Python. Start requests + bs4 (WebScrapping) [5]

Preface

In this tutorial, we will create a program that displays the current price of the key from the mann ko box in refs, from the site stntrading.eu. Why with stntrading.euand not with backpack.tf? Because backpack.tf gives out the wrong price of the key. Yeah, yeah, don't be surprised. In addition, he lies with the price: sintered things, ghostly items, some ridicule and skins. And since most people check with the price of backpack.tf,you can … Well, you get the understanding. Okay, let's get down to business.

Preparation

Before you begin, install the necessary libraries,for this, type at the command prompt:

pip install requests
pip install bs4

requests – needed to get the html page.

bs4 – needed to parse this very page.

Now, we need to know our user-agent. That when entering, the site thought that you came from the browser.

We get a User-Agent.

  • To do this, go to Mozilla Firefox,to any site.
  • Open the developer menu (F12).
  • Reload the page.
  • Go to the networkgraph, and look for the first GET request.

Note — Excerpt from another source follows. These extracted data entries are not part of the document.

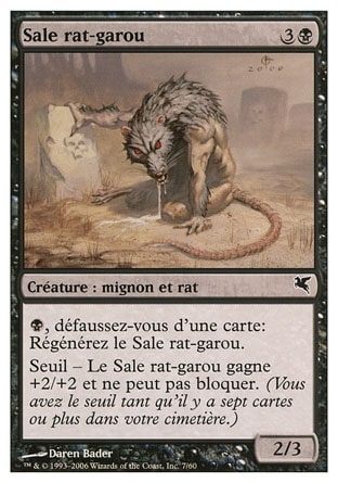 | Rules | , Discard a card: Regenerate Dirty Wererat. Threshold — As long as seven or more cards are in your graveyard, Dirty Wererat gets +2/+2 and can't block. |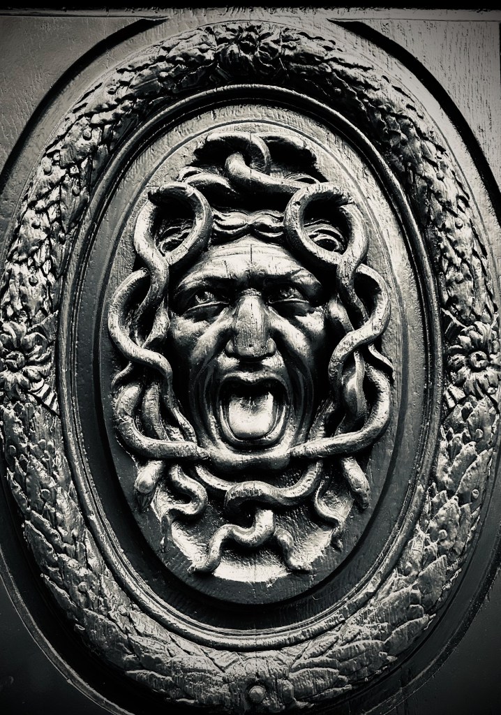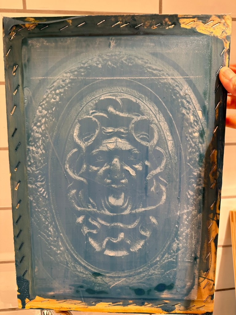 I attempted to use the celery rose print on the silkscreen as a background to photograph Barbie. I also made a halftone acetate print of a Medusa head that I photographed on a door. My intention was to create an inverted halftone image to expose on a photo emulsioned silkscreen and then my final piece would be a series of silk screen of that image. I bought a home silkscreen kit which was basic but appeared to have everything I need. Although it was time consuming, I managed to create the halftone image, print is onto acetate, mix the photo emulsion, coat the screen, dry it and then expose my image on to the screen.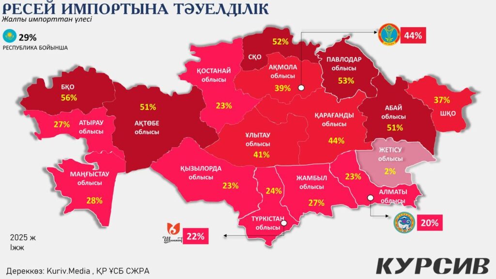 Ал шекара маңындағы өңірлерде жағдай басқаша. Солтүстік Қазақстан, Павлодар, Батыс Қазақстан және Ақтөбе облыстарында Ресейдің үлесі әлі де 50%-дан жоғары, бұл аймақтардың өндірістік ерекшелігі мен логистикалық жақындығымен түсіндіріледі. Тіпті Атырау облысы 2021–2025 жылдары ресейлік тауарлардың үлесін 22%-дан 27%-ға дейін өсірген.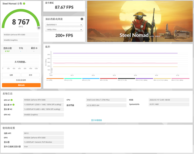 Steel Nomad测试,得分为8767,索泰 RTX 5080 SOLID CORE OC的表现非常稳定。
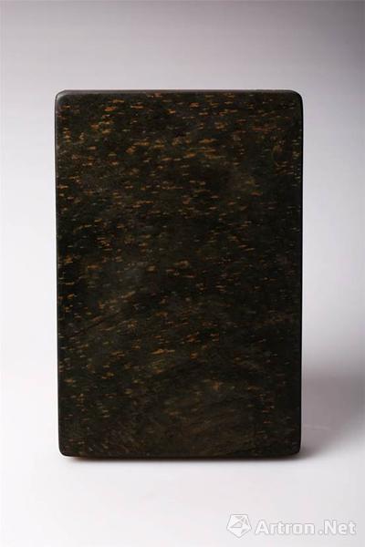 歙石板砚。色苍黑。质坚润。砚面砚底金星如雨。簇眉子纹如云。天然图画。石品上佳。
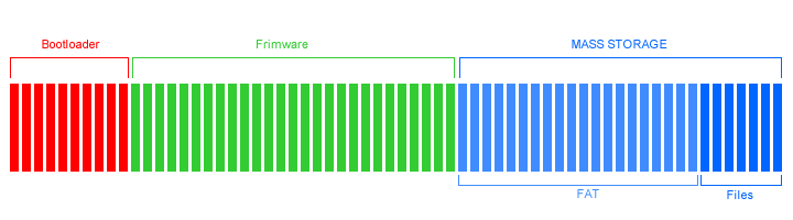 Мене приваблює Bootloader у режимі USB Mass Storage. При підключенні до USB комп’ютера, мікроконтролер має бути для операційної системи як USB Mass Storage Device. Тобто, як невеличка флешка у декілька кілобайт. Для оновлення прошивки достатньо записати на неї новий файл. Це, на мою думку, самий прийнятний метод оновлення прошивки для кінцевого користувача. По перше він не потребує спеціалізованого програмного забезпечення, по друге має працювати на любій операційній системі де існує поняття файлової системи. Це був би ідеальний варіант. Але це у теорії все красиво, на практиці все трохи складніше. Спочатку я знайшов таку реалізацію: http://blog.myelectronics.com.ua/stm32-usb-mass-storage-bootloader/ Але для нашого мікроконтролера таке рішення не прийнятне. У цьому рішенні Flash пам`ять мікроконтролера поділена на декілька частин. А саме на частини де лежить Bootloader, де знаходиться основна прошивка, та область пам`яті відведена під MASS STORAGE. Прошивка спочатку записується на MASS STORAGE диск. А потім копіюється у потрібну область. Тобто прошивка має бути менше ніж половина пам`яті мікроконтролера. Це дуже мало, коли у нас усього 64Кб.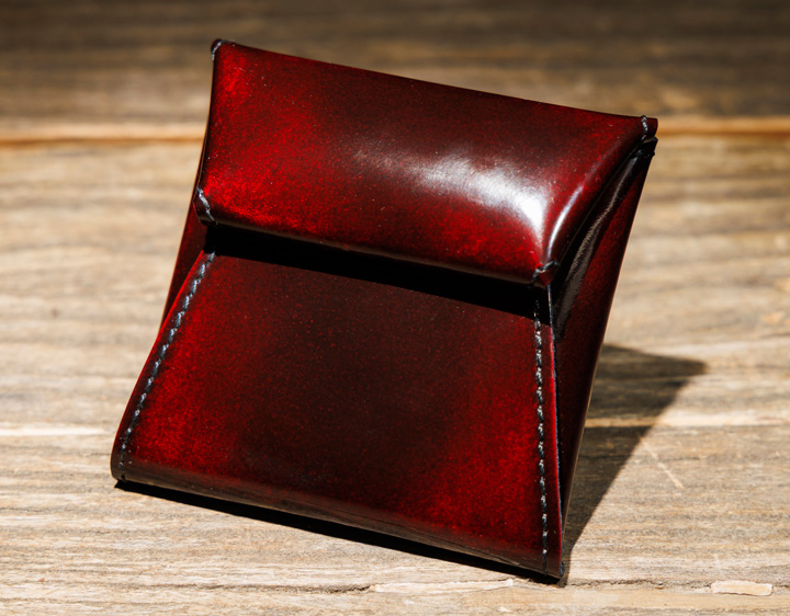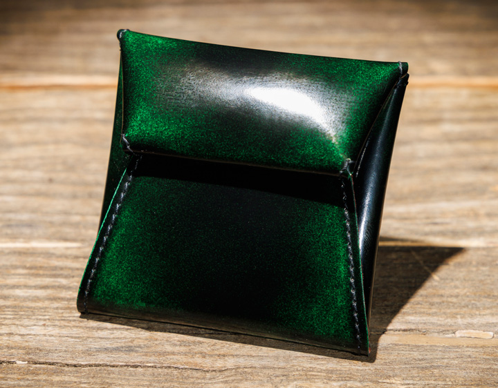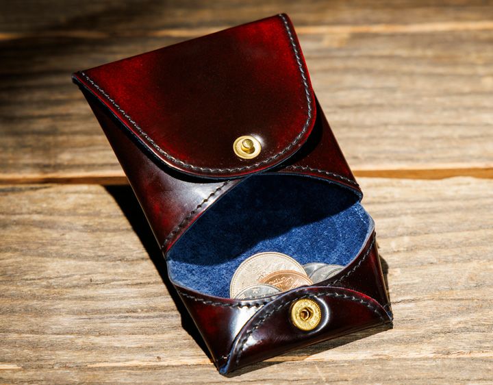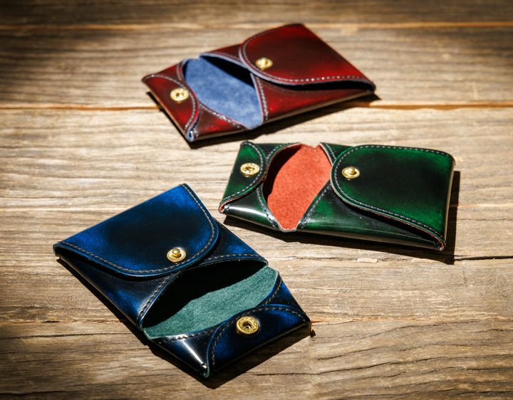 職人の手磨きによる美しいグラデーションが特徴で、使うほどに味わいが増す逸品です。 エナメルのような輝きを持つレザーで、カジュアルなシーンだけでなくビジネスシーンにも映えるデザイン。 内側には柔らかなピッグスエードを使用し、小銭を優しく包み込みます。スナップボタンでしっかりと閉じることができ、ポケットやバッグにもスッキリと収まるサイズ感。普段使いにも、プレゼントにも最適な小銭入れです。

In the request headerscolumn, find the User-Agent.

And save this value in a text file.

Get the content of the page

Create a Python script and put the following code there:

# Import libraries
import requests
from bs4 import BeautifulSoup

#Создаем dictionary of headings
header = {
    #Сюда put our user-agent
    'user_agent': 'your_user_agent_py_here'
}

resp = requests.get('https://stntrading.eu/tf2/keys', headers=header).text
print(resp)

In the headerdictionary, replace user-agent with your own.

In this line:

resp = requests.get('https://stntrading.eu/tf2/keys', headers=header).text

We sent a GET request to the site https://stntrading.eu/tf2/keys,in which we passed our own header dictionary asheaders.

And received a response from the server, in the form of text (.text)

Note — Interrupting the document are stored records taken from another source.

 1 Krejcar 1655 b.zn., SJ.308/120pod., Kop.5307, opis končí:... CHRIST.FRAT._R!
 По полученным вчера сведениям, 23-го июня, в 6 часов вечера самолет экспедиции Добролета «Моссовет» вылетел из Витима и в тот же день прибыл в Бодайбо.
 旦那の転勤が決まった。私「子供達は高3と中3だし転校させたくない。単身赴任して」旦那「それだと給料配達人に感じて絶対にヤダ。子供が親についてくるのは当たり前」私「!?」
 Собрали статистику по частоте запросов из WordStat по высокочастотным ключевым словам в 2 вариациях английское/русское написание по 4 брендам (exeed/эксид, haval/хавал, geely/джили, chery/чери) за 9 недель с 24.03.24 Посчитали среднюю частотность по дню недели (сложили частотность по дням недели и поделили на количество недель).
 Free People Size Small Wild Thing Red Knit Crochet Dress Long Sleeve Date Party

As a result, we received the content of the html page located at https://stntrading.eu/tf2/keys.

It remains to carp this text.

Parsim html code with BeautifulSoup.

Replace the last 2 lines with this:

resp = requests.get('https://stntrading.eu/tf2/keys', headers=header).text
soup = BeautifulSoup(resp, 'lxml')
desc = soup.find('div',class_='d-none d-sm-block').findAll('h4',class_='description')
for d in desc:
  if d.text.find('buying') > 0:
    price = float(d.find('b').text.split(' ')[0])
    print(price)

In this line:

soup = BeautifulSoup(resp, 'lxml')

The BeautifulSoup object takes 2 arguments:

  • Textthat we will parse.
  • The parseritself.

Lxmlwas chosen as the parser because it is the fastest html parser available. Read more in the documentation.

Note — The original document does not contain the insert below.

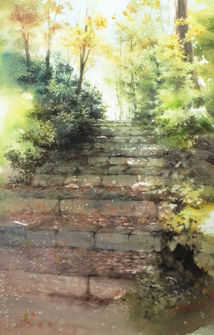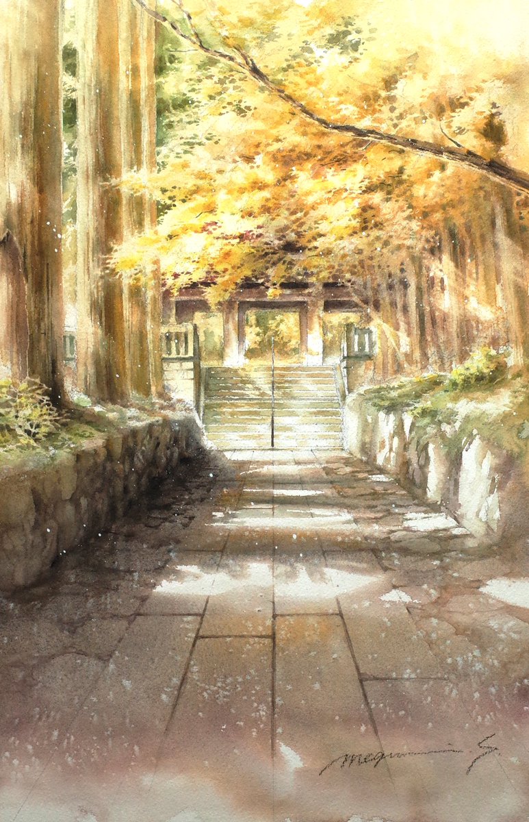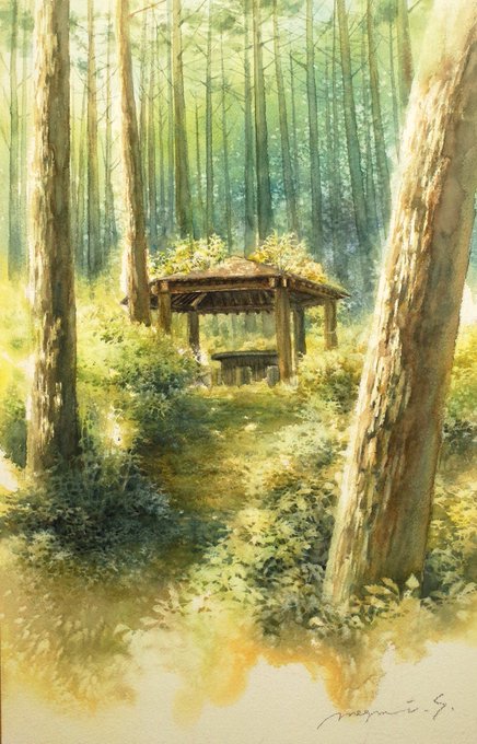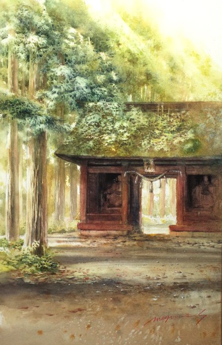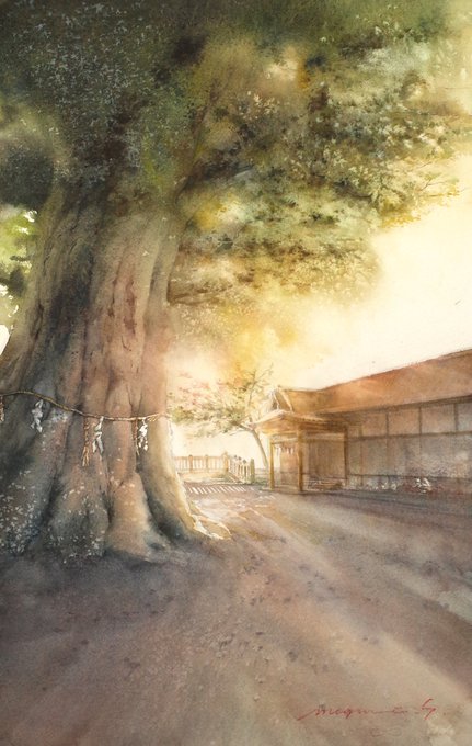 46 512 柔らかな午後。 #アナログ #透明水彩 #春日神社 いつもイーゼルを立てて椅子に座って描いているんですが、気付くと猫背で常に腰痛に悩まされています。 絵描きの皆さま、良い腰痛対策があれば教えてください😭 21/09/23 11:13

desc = soup.find('div',class_='d-none d-sm-block').findAll('h4',class_='description')

To access an item, use the findmethod, which has the following syntax

Values in square brackets [] are optional.

soup.find('tag', [class_='class', id='id_tag'])
  • tag – tag of the element we need (div, span, a, input)
  • class – class of the desired element
  • id id of the element.

That is, here:

desc = soup.find('div',class_='d-none d-sm-block').findAll('h4',class_='description')

We are looking for an element with a div tag, and a class 'd-none d-sm-block'

Inside this element, we look for all the elements (. findAll) with h4 tag and description class. As a result, we got an array of elements.

for d in desc:

We go through each element.

if d.text.find('buying') > 0:

If the text inside the h4 tag (d.text) contains the string 'buying', then:

price = float(d.find('b').text.split(' ')[0])
print(price)

We get the text inside the tag 'b' (key price), we leave a part to the space (.split(' ')[0]).

In conclusion, we display the price on the screen.

Final result.

Пожалуйста отключи блокировщик рекламы, или внеси сайт в белый список!

Please disable your adblocker or whitelist this site!